However, when a plurality of light sources are used, the arrangement layout of the light sources is restricted, and there is a disadvantage that the cost is increased. Also, as the number of light sources increases, management becomes troublesome. On the other hand, when displaying with frosted glass, the advantage of reducing the number of light sources is recognized, and the management problem is small since the number of light sources is small. However, there is a disadvantage that the brightness is uneven between a portion close to the light source and a portion far from the light source, and that the light is absorbed by the frosted glass and the brightness is reduced.
[0004]
An object of the present invention is to provide a display or a reflector which has solved the above-mentioned conventional problems or disadvantages. Specifically, the present invention aims to uniformly emit light over a long or wide range with a small number of light sources. It is an object of the present invention to provide a reflector capable of performing the following. Another object of the present invention is to provide a reflector that can be manufactured at low cost in addition to the above objects.
[0005]
[Means for Solving the Problems]
The present invention employs a transparent body having a predetermined length of optical path for achieving the above object, that is, for uniformly illuminating incident light over a wide range. The light beam or light incident on this optical path reaches far away. In addition, it is configured to catch a light beam that is going to reach a distant point on the way and guide it to the outside of the transparent body. That is, a jagged portion including a plurality of slopes is formed in a part of the transparent body in a direction crossing the incident light beam.
[0006]
Hereinafter, the means adopted by the present invention will be described in more detail. In FIG. 1, reference numeral 30 denotes a columnar transparent body of a predetermined length made of a transparent acrylic resin or glass, and for example, a directional characteristic from the end 31 of the transparent body 30 is 15 °, 30 ° or 45 °. When a light beam or light emitted from the LED lamp of .degree. Is incident, the light travels through the transparent body 30 in the direction indicated by the arrow. At this time, since the refractive index of the transparent body 30 with respect to air is greater than 1, total reflection occurs at the boundary surface between the transparent body 30 and air. Thus, the incident light does not go out of the transparent body 30 to the outside. Therefore, the light in the transparent body 30 cannot be seen from the outer peripheral portion. Thus, the incident light reaches far away.
[0007]
By the way, as shown in FIG. 2, if a slope 43 substantially perpendicular to the traveling direction of light is formed on the surface of the prism-shaped transparent body 40, for example, the light randomly travels through the transparent body 40. The light H of the portion enters the slope 43 at an incident angle i at a point P. Then, the light is reflected at the reflection angle r and reaches the other surface 44 facing the inclined surface 43. Since the angle of incidence of the reflected light with respect to the other surface 44 is large, the light exits the other surface 44 without being totally reflected. Accordingly, light can be seen from the other surface 44 facing the slope 43. When a large number of such inclined surfaces 43 are formed in the axial direction, the other surface 44 looks "shining or shining" over the entire length in the axial direction. That is, the other surface 44 becomes a bright surface.
[0008]
As can be understood from the above description, the light incident on the transparent body 40 is reflected by the inclined surface 43, so that the other surface 44 appears to shine. Go outside 40. In order to prevent “leakage” due to this refraction, the slope 43 can be vapor-deposited with aluminum or the like as necessary.
[0009]
As described above, part of the light incident on the transparent body 40 is sequentially guided to the outside by the slopes 43, 43,..., But the remaining light reaches the other end 42. If the other end 42 is a reflecting surface, the reflected light travels in the transparent body 40 in the opposite direction.
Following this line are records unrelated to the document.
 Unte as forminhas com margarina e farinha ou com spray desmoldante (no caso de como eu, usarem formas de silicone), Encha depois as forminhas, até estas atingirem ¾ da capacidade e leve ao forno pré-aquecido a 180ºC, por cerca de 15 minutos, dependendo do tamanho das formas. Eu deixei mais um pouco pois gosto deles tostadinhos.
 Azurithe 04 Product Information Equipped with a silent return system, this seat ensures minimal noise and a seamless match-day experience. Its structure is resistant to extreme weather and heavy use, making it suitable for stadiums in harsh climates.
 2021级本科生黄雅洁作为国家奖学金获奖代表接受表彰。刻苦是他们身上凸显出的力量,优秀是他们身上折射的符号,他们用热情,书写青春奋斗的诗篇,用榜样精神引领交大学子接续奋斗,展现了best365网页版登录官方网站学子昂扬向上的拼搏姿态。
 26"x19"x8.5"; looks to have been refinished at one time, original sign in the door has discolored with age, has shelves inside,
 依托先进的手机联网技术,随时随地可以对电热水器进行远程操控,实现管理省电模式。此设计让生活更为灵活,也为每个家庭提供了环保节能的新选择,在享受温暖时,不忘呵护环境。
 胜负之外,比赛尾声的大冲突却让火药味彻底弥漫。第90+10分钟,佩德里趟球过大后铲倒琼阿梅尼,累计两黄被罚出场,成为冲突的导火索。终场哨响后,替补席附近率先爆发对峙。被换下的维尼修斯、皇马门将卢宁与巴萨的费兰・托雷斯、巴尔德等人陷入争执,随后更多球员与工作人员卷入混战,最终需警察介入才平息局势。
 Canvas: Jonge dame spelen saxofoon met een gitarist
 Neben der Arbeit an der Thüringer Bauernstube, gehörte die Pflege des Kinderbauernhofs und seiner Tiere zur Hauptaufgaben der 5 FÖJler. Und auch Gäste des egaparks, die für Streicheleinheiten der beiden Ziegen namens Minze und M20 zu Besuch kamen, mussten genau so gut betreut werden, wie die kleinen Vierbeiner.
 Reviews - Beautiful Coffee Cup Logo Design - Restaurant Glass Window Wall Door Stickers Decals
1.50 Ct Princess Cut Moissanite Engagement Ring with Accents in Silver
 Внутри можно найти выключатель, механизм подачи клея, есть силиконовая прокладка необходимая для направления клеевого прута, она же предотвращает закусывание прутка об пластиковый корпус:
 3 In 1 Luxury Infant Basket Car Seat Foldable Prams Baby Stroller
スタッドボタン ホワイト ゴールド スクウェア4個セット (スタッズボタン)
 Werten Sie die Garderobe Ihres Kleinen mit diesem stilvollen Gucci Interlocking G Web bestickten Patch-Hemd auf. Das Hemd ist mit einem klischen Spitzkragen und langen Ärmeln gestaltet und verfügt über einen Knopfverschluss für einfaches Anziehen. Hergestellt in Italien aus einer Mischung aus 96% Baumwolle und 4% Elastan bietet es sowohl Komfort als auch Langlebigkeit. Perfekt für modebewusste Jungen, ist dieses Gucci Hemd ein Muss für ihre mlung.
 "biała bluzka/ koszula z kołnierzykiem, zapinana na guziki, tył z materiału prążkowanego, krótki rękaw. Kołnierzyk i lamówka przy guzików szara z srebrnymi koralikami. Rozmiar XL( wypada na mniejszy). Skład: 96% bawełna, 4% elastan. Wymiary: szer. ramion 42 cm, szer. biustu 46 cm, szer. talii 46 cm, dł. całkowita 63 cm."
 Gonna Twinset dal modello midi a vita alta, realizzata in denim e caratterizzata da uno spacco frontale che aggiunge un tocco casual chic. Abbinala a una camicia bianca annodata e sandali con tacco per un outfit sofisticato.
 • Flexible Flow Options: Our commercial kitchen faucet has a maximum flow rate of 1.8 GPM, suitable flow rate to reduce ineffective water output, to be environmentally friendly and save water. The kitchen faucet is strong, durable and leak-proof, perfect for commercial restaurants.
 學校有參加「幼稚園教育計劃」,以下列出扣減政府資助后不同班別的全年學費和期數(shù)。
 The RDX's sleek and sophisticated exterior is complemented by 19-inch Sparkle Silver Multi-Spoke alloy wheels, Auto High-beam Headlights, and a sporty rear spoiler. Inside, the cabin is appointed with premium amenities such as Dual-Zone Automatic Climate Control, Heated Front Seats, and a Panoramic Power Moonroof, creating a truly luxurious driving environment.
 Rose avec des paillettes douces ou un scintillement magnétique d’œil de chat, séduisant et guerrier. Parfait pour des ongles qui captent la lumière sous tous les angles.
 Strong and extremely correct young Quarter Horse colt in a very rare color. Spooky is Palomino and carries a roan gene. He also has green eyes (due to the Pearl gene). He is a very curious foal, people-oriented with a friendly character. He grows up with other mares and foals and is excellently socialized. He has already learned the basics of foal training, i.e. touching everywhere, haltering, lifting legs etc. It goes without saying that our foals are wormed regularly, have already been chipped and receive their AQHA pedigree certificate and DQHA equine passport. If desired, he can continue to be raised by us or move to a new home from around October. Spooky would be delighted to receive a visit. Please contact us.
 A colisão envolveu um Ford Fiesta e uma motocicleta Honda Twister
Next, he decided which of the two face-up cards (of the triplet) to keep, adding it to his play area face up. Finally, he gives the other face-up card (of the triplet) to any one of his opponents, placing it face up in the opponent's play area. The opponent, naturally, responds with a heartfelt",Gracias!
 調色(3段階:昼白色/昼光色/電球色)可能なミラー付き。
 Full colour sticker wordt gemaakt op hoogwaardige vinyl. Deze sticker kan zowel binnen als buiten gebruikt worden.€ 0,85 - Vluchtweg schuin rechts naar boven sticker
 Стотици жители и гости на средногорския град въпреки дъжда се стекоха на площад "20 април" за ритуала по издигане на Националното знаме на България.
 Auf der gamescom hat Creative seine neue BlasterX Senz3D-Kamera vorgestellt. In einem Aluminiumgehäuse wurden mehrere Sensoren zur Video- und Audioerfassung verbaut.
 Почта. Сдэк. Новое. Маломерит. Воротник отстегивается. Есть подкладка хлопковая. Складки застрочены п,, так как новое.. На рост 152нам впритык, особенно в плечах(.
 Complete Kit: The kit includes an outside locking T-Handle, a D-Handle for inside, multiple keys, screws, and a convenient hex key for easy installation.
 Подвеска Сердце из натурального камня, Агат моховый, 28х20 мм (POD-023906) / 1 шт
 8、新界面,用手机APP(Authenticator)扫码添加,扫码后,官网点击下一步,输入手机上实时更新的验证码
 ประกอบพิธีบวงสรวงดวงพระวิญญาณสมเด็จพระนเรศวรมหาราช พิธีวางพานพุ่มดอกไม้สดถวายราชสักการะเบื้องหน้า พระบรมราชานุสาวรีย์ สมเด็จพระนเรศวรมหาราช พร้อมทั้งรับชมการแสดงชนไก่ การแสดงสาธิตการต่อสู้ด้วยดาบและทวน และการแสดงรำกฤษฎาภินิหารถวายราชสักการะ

Therefore, by continuously forming a plurality or a large number of the other slopes 43 ', 43',... Inclined in the opposite direction similar to the slopes 43, 43,. In the present invention, preferably, the light source is also arranged on the other end 42 side. Therefore, the other inclined surfaces 43 ', 43', ... in the opposite direction are also formed.
[0010]
At the point P, a part of the light incident on the inclined surface 43 at the incident angle i is partially refracted as shown by a dotted line and exits from the transparent body 40 to the outside. Then, the light enters the other slope 43 'again at the point P'. At point P ', a portion reflects into the air. Since the amount of light emitted to the outside in this manner is small, the light shines thinly. The remaining light is refracted and enters the transparent body 40 again. Then, as described above, the light randomly advances through the transparent body 40 and is guided to the outside from the other surface of the transparent body 40, that is, the bright surface 44.
[0011]
As is clear from the above description, the incident light is guided to the outside by the slopes 43, 43,... As it travels through the transparent body 40, so that the amount of light is gradually reduced, and the density of the light in the transparent body 40 is reduced. Becomes smaller. Therefore, in the present invention, in order to keep the light density constant, the cross-sectional area of the transparent body 40 is configured to decrease as the distance from the light source increases. In addition, since the light density is reduced, the slope 43 is increased so that the amount of light guided to the outside is constant.
[0012]
The reflector according to the present invention is desirably formed of a transparent acrylic resin. This is because the acrylic resin has an advantage that it is easy to perform a pressing process with jagged edges. Moreover, the acrylic resin is relatively inexpensive, lightweight, and convenient to handle. However, it can also be formed from other resin materials, such as transparent polycarbonate (PC), as well as transparent vinyl chloride resin (PVC). In addition, it can be made of glass, although the cost is somewhat inferior. At this time, it is manufactured by the same manufacturing method as a glass plate having a large number of irregularities formed on one surface.
[0013]
Thus, in order to achieve the object of the present invention, the invention according to claim 1 is made of a transparent rod having a predetermined length and an optical path secured in the axial direction, and a light beam is emitted from the end of the rod. A reflector that is adapted to be incident, and a plurality of jagged portions formed of a slope having a substantially saw-tooth shape are incident on a part of the outer peripheral surface of the rod-shaped body in an axial direction. It is formed in a direction crossing the light beam.
The invention according to claim 2 comprises a square rod-like body having four transparent surfaces of a predetermined length and having an optical path secured in the axial direction, and a light beam is incident from an end thereof. A plurality of knurls, each of which is a reflector and is formed on a surface of the outer periphery of the square rod-shaped body and formed of a slope having a side surface shape substantially in the shape of a sawtooth, are formed in a direction crossing an incident light beam in the axial direction. .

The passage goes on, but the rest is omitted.